On the other hand, we can’t stack up a bunch of incremental progress and assume the end result will be 100% good! Social media, climate change, antibiotic resistance, nuclear weapons, CFCs, dead zones, asbestos, and microplastics are all unintended consequences of technologies that brought great benefits, at least for a while. Letting technological progress run unsupervised over a long horizon seems like a historically bad idea.
This brings us full circle to Zeno’s paradox again. There’s a disconnect between our intuitions about incremental progress and its cumulative effects. We readily accept small technological improvements (curing diseases, AI tools), while resisting their logical conclusions (radical lifespan extension, AGI workers). Simultaneously, we’re often too optimistic that progress will be linear, and that there won’t be pernicious side effects3.

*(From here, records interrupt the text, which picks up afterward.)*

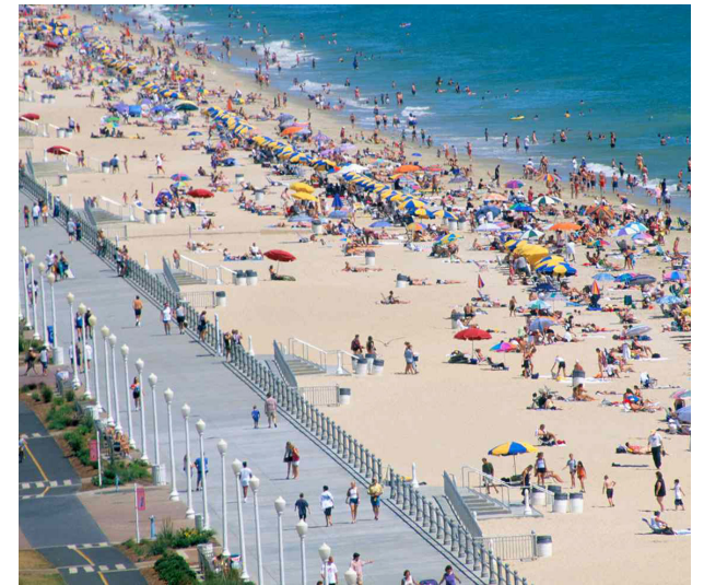
Virginia Beach Oceanfront
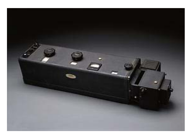
The Stetten Museum's DU Spectrometer

measure vitamins in food, the DU was the first
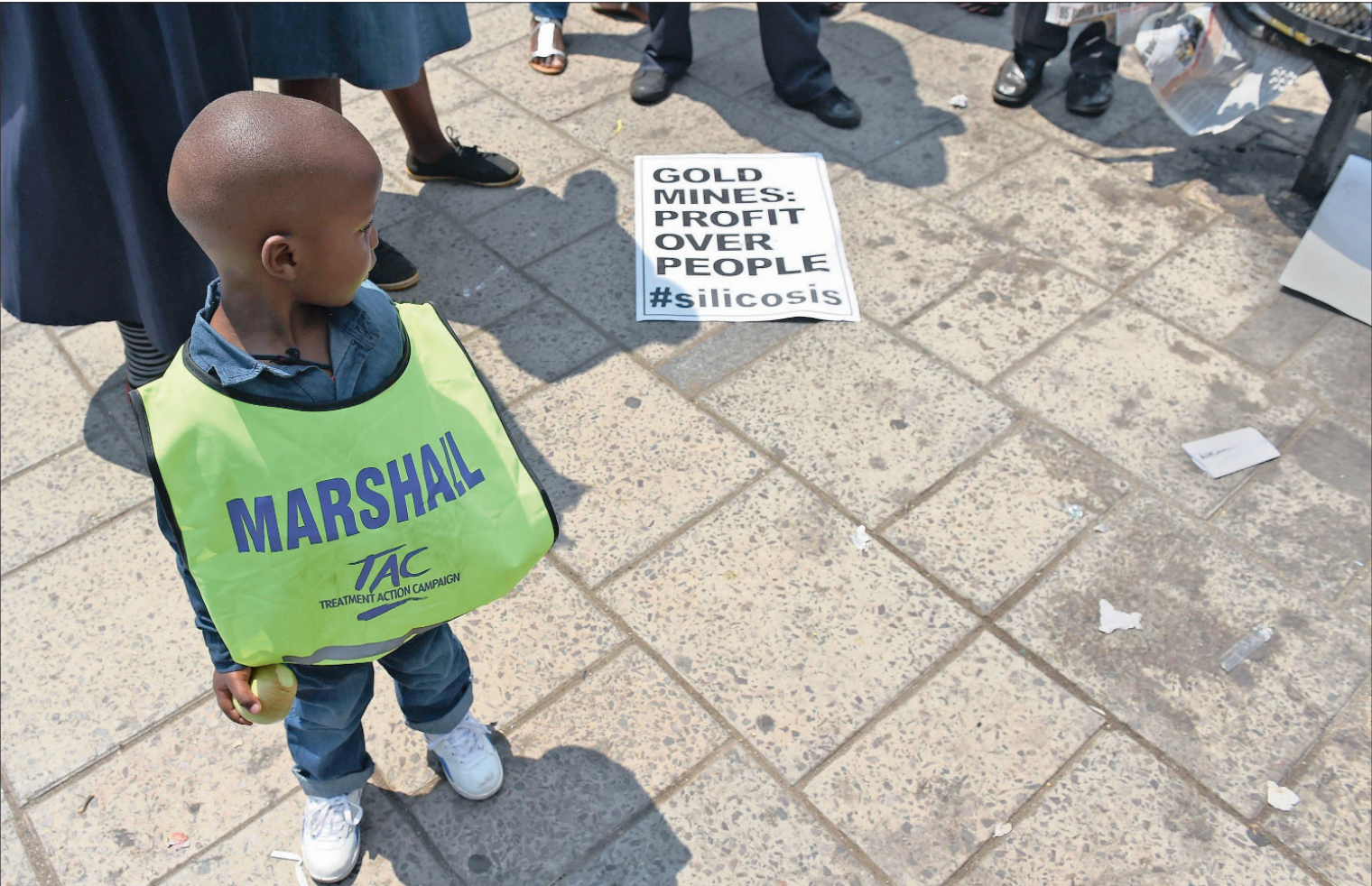
PROTESTING: A boy joins the Treatment Action Campaign and Sonke Gender Justice demonstration outside the high court in Joburg yesterday, to raise awareness for mineworkers with silicosis or tuberculosis on SA’s mines.

The matter is expected back in court on Monday.
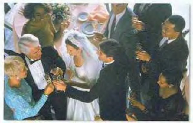
When a couple gets married, the bride's family usually pays for the reception.
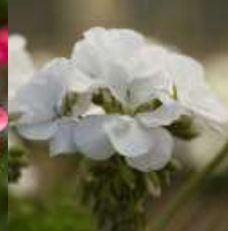
GERANIUM - CALLIOPE White Premier series. Prized for its large flower heads and fancy leaves.
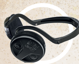
WS AUDIO headphones
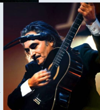
Eicher the maestro – Avo Session, Basel, 2011
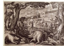
Title: Boar Drive toward a Pit, from Venationes Ferarum, Avium, Piscium Date: c. 1578 Primary Maker: Philip Galle Medium: Engraving on paper
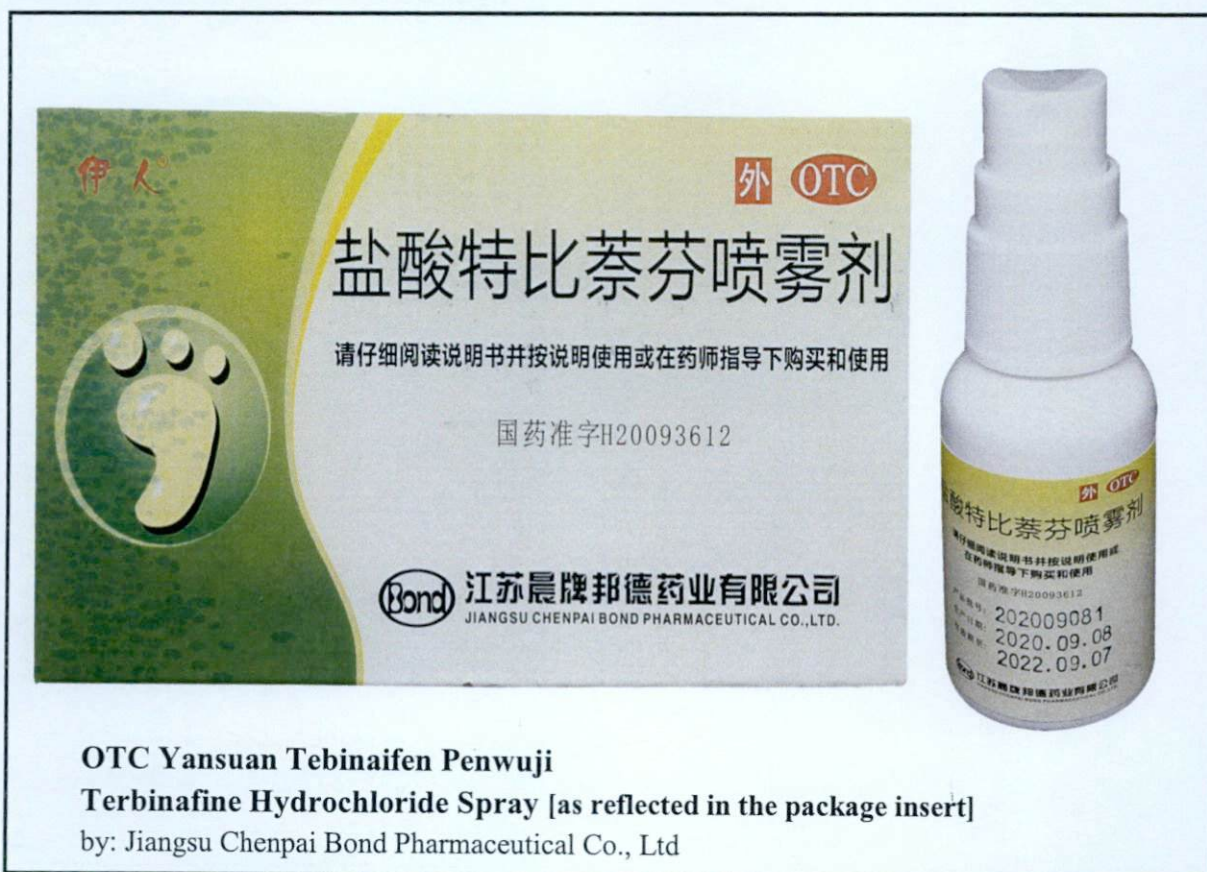
Figure 3. Unregistered drug product
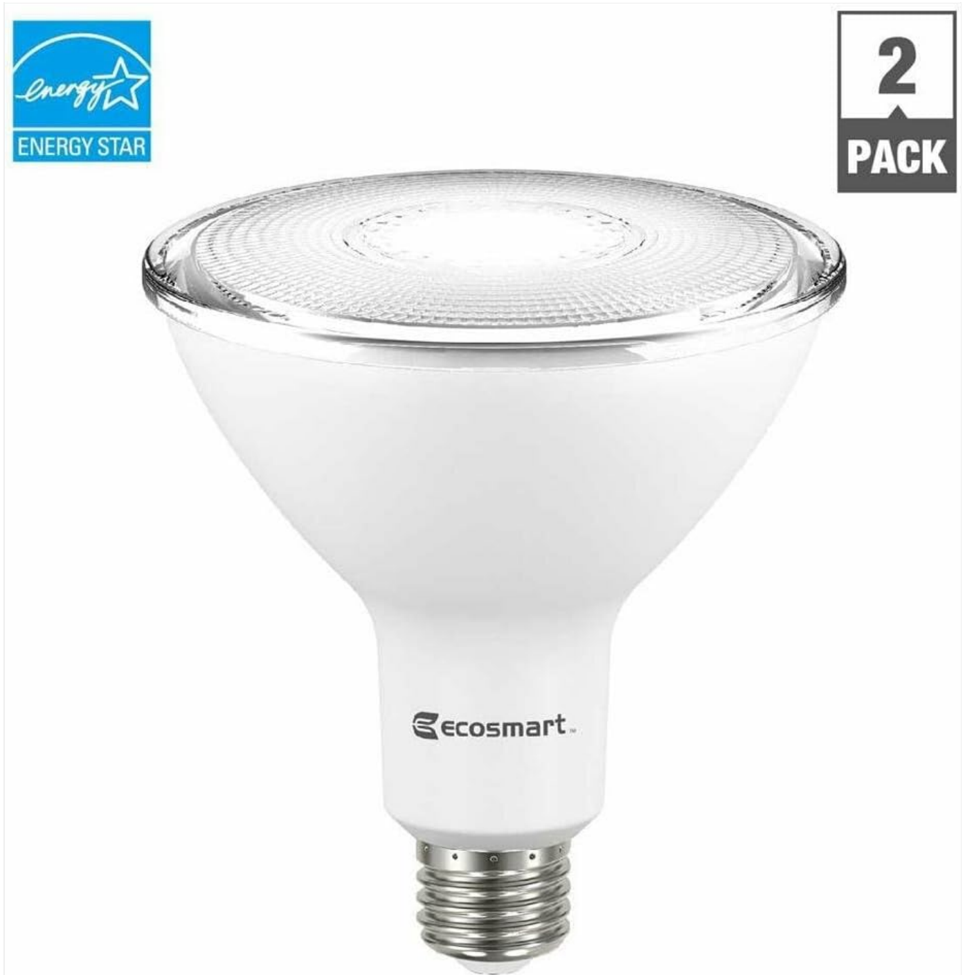
Image: A close-up view of the EcoSmart PAR38 LED bulb, showing its standard E26 screw base.

These bulbs are designed for standard E26 base fixtures. Ensure your fixture is compatible with PAR38 bulb size and E26 base.
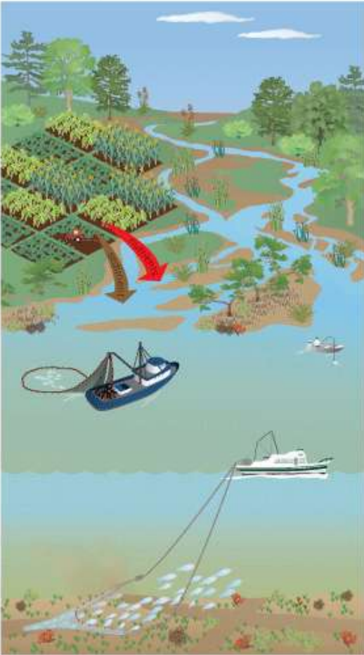
Overfishing + Agriculture
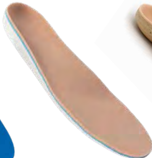
Tri-Laminated EVA Base Accommodative
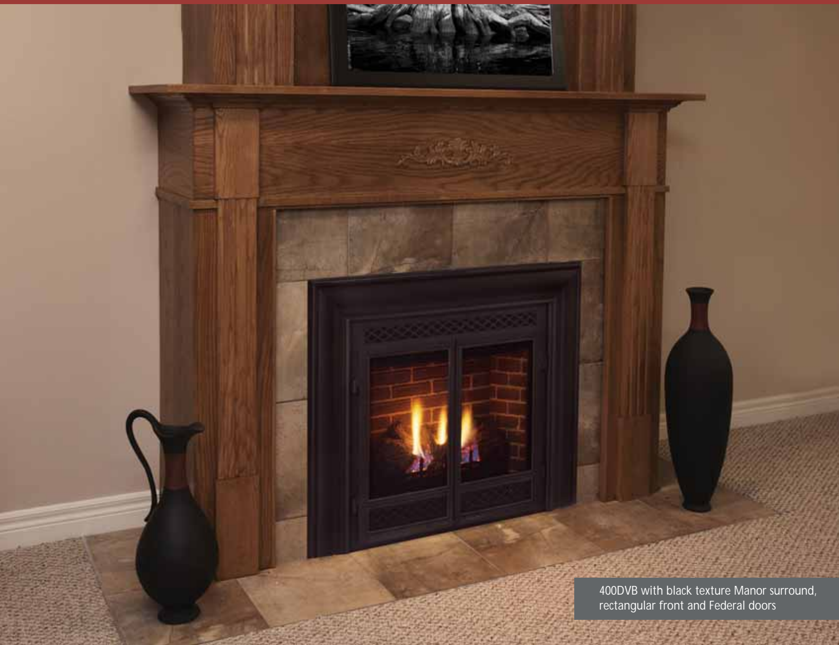
400DVB with black texture Manor surround, rectangular front and Federal doors
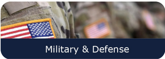
Military & Defense
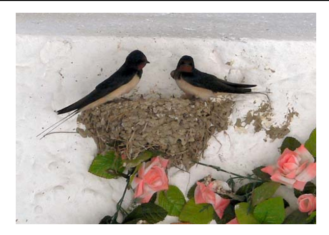
European Barn Swallow nest in Turkey, 2006 G. Oetzel
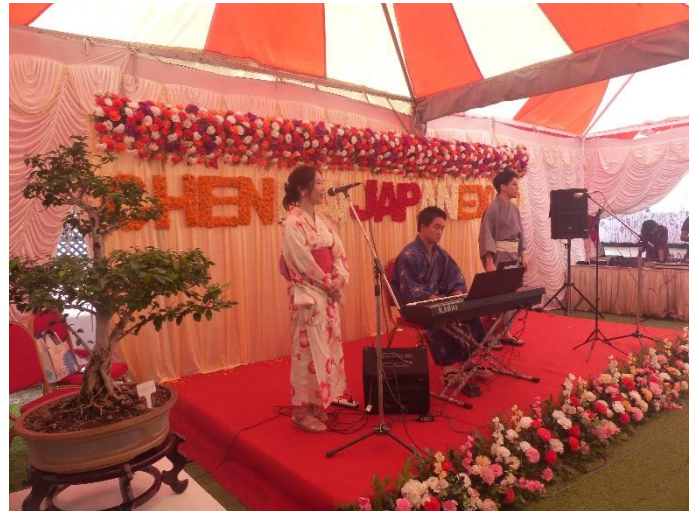
Welcome address and opening song (Haru no Umi)
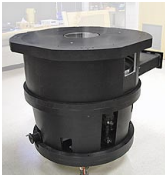
The FLAMINGOS-2 MOS dewar that contains the masks for multi-object spectroscopy and the spacer.

FLAMINGOS-2 is transitioning from the late fabrication phase of the project to the early part of the integration phase. Recent achievements include fabrication of the filter wheel and integration of the camera dewar components. As of September, 59 percent of the work to FLAMINGOS-2 final acceptance by Gemini has been completed.
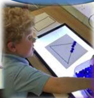
All about shapes!!
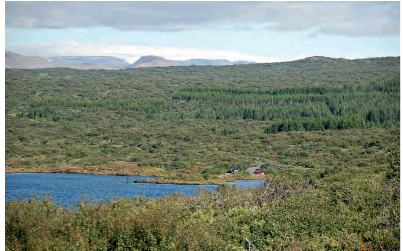
8. Wooded area of Þingvellir National Park, around Lake Þingvallavatn, September 2012.

XX century alone 18 . And the consequences affect not only the soil, the water cycle, biodiversity and greenhouse gas emission, but also the productivity of economic activities, the quality of life conditions, the transmission of lifestyles, memory and culture. To what point can the “clearing” of human civilization continue to expand? Is not the extreme “insularity” of Iceland, which accentuates the fragility of ecological balance, perhaps a sort of synecdoche for the finiteness of the biosphere? In this case, the image of Skríúður as an oasis in the middle of the desert becomes immensely significant. The Reverend Sigtryggur Guðlaugsson’s achievement takes its place on the horizon of hope, of which Jean Giono’s short story L’Homme qui plantait des arbres (1953) – the tale of a simple shepherd who set out to reforest his region of Haute Provence –
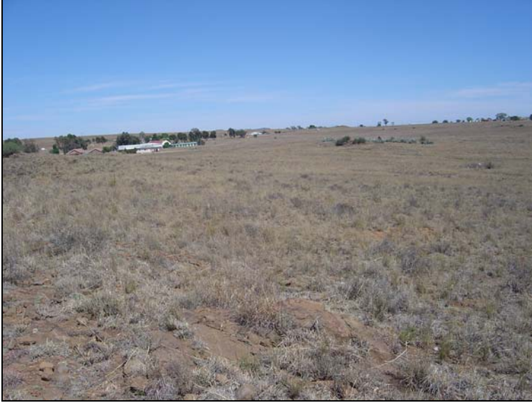
Fig.3 Facing south from the beacon towards the Trompsburg - Philippolis Road.
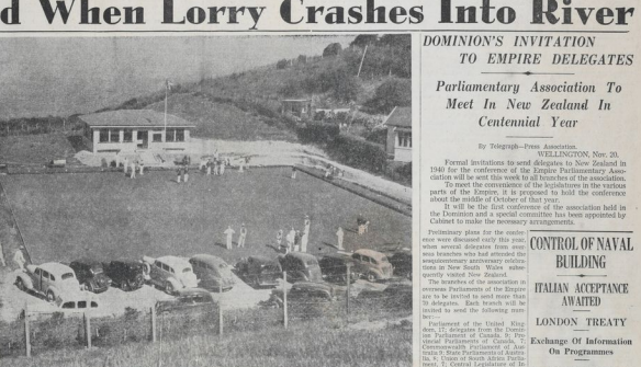
THE GREAT ON THE HILL.—The Big Red Bunting Club's new green situated high above Napier's Domain, is probably unique in the Dominion.

The lorry was carrying a load of ammunition, and was driven by the lorry driver, who was seriously injured. The other eight men were also injured, and some of them were seriously injured.
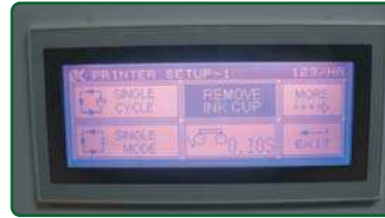
PLC control touch screen panel
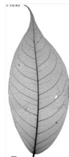
Scale bar 10mm.
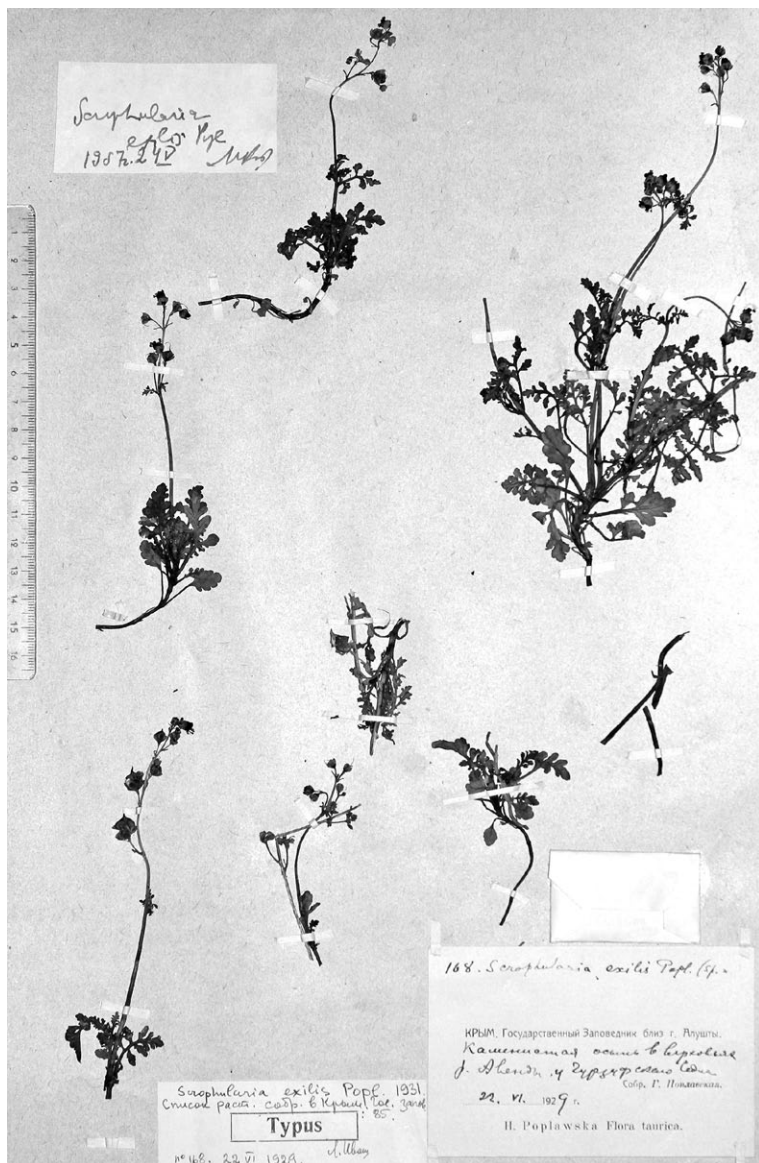
Fig. 2. Holotype of Scrophularia exilis at LE.

on the slope of Mt Shagan-Kaya in the Crimean Nature Reserve, 44°34'44"N, 34°13'36"E, 1345 m, 11 Jun 2012. Both localities were on east-facing rocky scree slopes (Fig. 1A) formed of fragments of Jurassic limestone and divided into relatively stable parts and mobile parts (Fig. 1B). The plants of S. exilis grew only on the mobile parts in three areas (c. 200, 800 and 850 m 2 ) on Mt Djunyn-Kosh and one area (about 2400 m 2 ) on Mt Shagan-Kaya. There were more than 400 individuals on Mt Djunyn-Kosh and more than 700 individuals on Mt Shagan-Kaya.
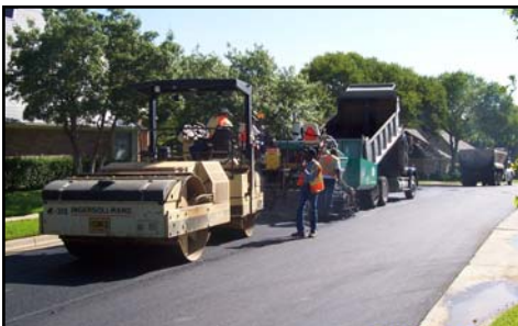
Precinct 3 crew placing asphalt on Plantation Road in Colleyville with the aid of the Texas heat.
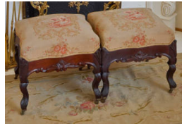
Title: Stool Date: c. 1900 Primary Maker: Unknown American Medium: mahogany with cloth and brass

My takeaway is that you probably can’t trust your most pessimistic or optimistic intuitions. Don’t let uncertainty about the future make you a doomer, and don’t be a naive techno-optimist who dismisses all precaution. Progress has to happen, but on a closed loop: build or discover the next useful thing, evaluate, course-correct, and repeat.
There is debate about whether radical life extension will actually happen this century. So far, we’ve increased life expectancy through low-hanging fruit, like better public health and medicine, not by slowing biological aging.
This view of AI is overly simplistic/optimistic (see conclusion). First, not all careers are conducive to the trend that “everyone gets a promotion”, and I realize that I’m in a privileged position as a software engineer with a college degree. Automation needs to be coupled with new opportunities for upward job mobility. There are also numerous risks posed by AI, some existential (again, see conclusion).
At the limit, one bad invention could lead to catastrophe, as posited in Nick Bostrom’s Vulnerable World Hypothesis.